◆ **WORK INSTRUCTION**: A word-for-word copy of all entries is required, without images.

Stored items
* * * * * * *

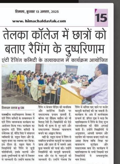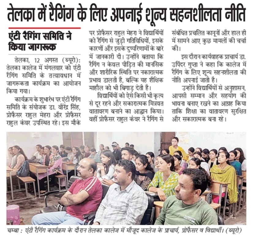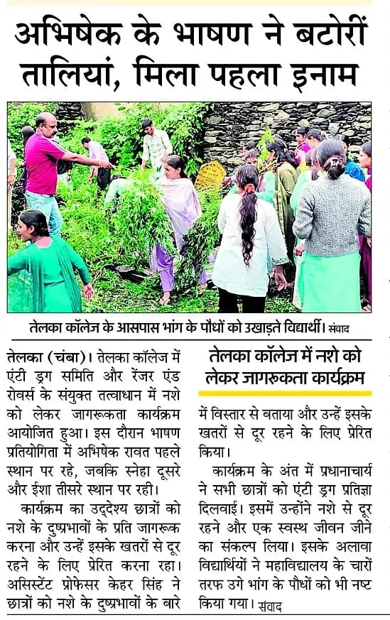 Anti Ragging and Anti Drugs Activities conduct in G. D.C. Telka Distt. Chamba
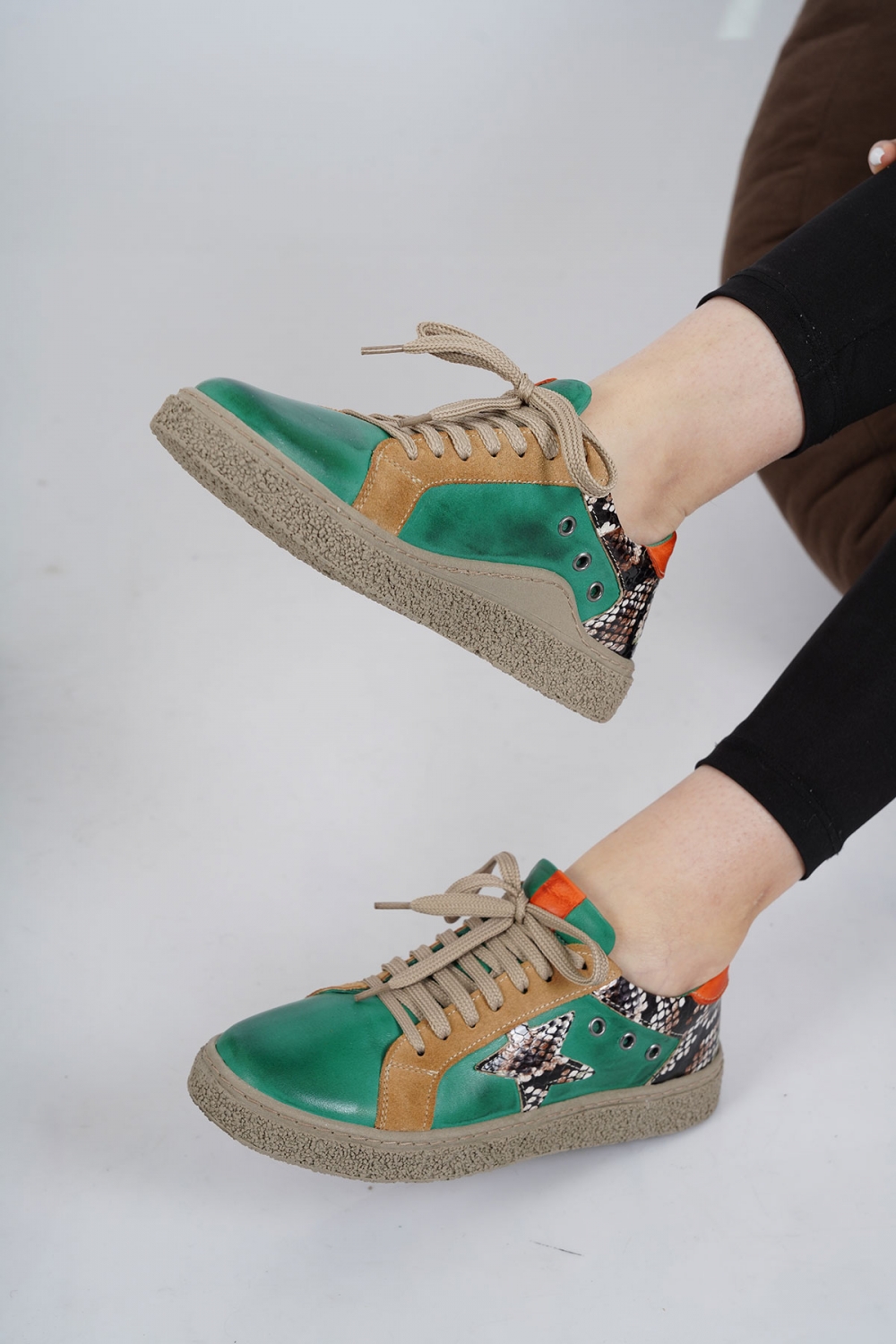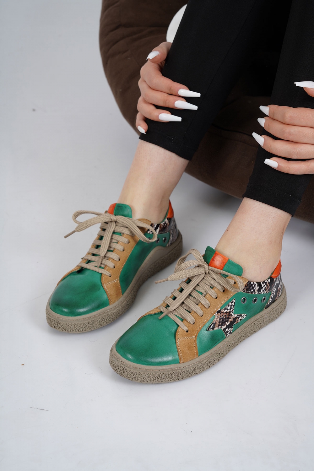 Hakiki Deri Yeşil-Bej Süet-Yeşil Yılan-Turuncu Kadın Spor Ayakkabı 222220103
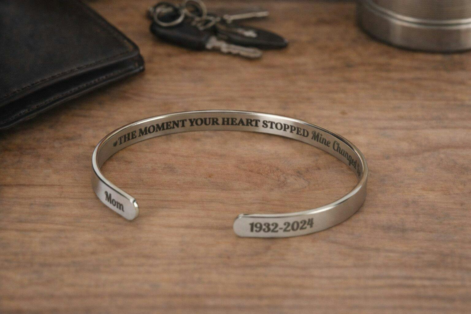 Minimal, meaningful, and made to last—this custom stainless steel bracelet cuff is adjustable for everyday comfort and personalized with your text for a timeless keepsake.
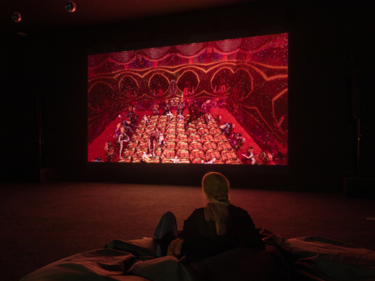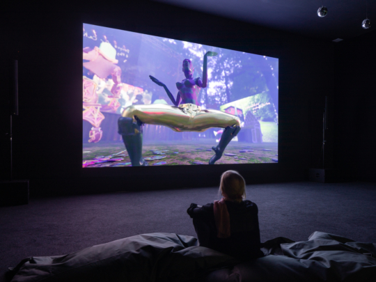 Jacolby Satterwhite verknüpft Zitate der westlichen Kunstgeschichte mit afro-futuristischen Visionen, Mythen und nicht-westlichen Ritualen sowie persönlichen Erinnerungen an seine Mutter. Einflüsse aus zeitgenössischem Tanz und queerer Club-Kultur lassen Satterwhites Videoinstallationen zum Leben erwecken und durchbrechen auf kraftvolle und visionäre Weise die Grenzen zwischen Geschlecht und Ethnizität.
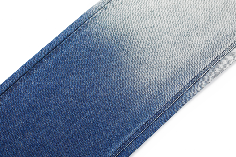 Washed denim fabric creates layered color effects, accentuating the leg line for a more dimensional silhouette when worn
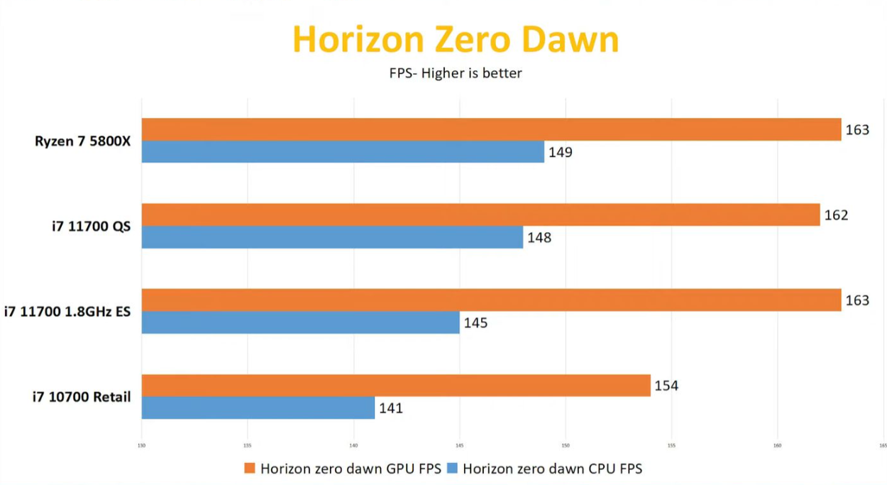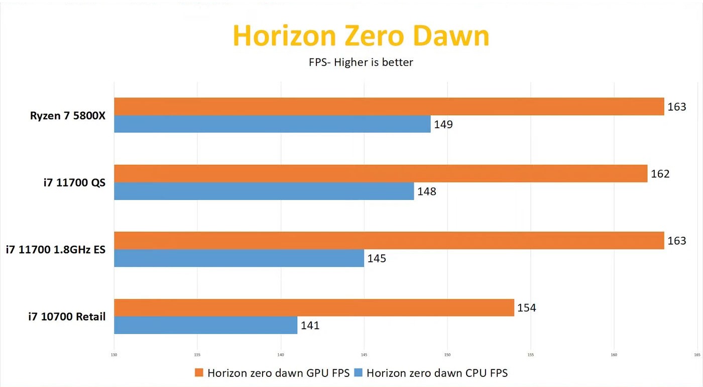 В игровых приложениях Core i7-11700 также выступал против Ryzen 7 5800X с переменным успехом: в игре Hitman 2 представитель «синей команды» уступил своему оппоненту 19,6 %, в Horizon Zero Dawn выступил на равных, а в Dirt 5 и Shadow of the Tomb Raider по значению кадровой частоты (GPU FPS) обогнал соперника на 3,0 и 13,6 % соответственно.

* * * * * * *

◆ **YOUR RESPONSE**:
 Anti Ragging and Anti Drugs Activities conduct in G. D.C. Telka Distt. Chamba
 Hakiki Deri Yeşil-Bej Süet-Yeşil Yılan-Turuncu Kadın Spor Ayakkabı 222220103
 Minimal, meaningful, and made to last—this custom stainless steel bracelet cuff is adjustable for everyday comfort and personalized with your text for a timeless keepsake.
 Jacolby Satterwhite verknüpft Zitate der westlichen Kunstgeschichte mit afro-futuristischen Visionen, Mythen und nicht-westlichen Ritualen sowie persönlichen Erinnerungen an seine Mutter. Einflüsse aus zeitgenössischem Tanz und queerer Club-Kultur lassen Satterwhites Videoinstallationen zum Leben erwecken und durchbrechen auf kraftvolle und visionäre Weise die Grenzen zwischen Geschlecht und Ethnizität.
 Washed denim fabric creates layered color effects, accentuating the leg line for a more dimensional silhouette when worn
 В игровых приложениях Core i7-11700 также выступал против Ryzen 7 5800X с переменным успехом: в игре Hitman 2 представитель «синей команды» уступил своему оппоненту 19,6 %, в Horizon Zero Dawn выступил на равных, а в Dirt 5 и Shadow of the Tomb Raider по значению кадровой частоты (GPU FPS) обогнал соперника на 3,0 и 13,6 % соответственно.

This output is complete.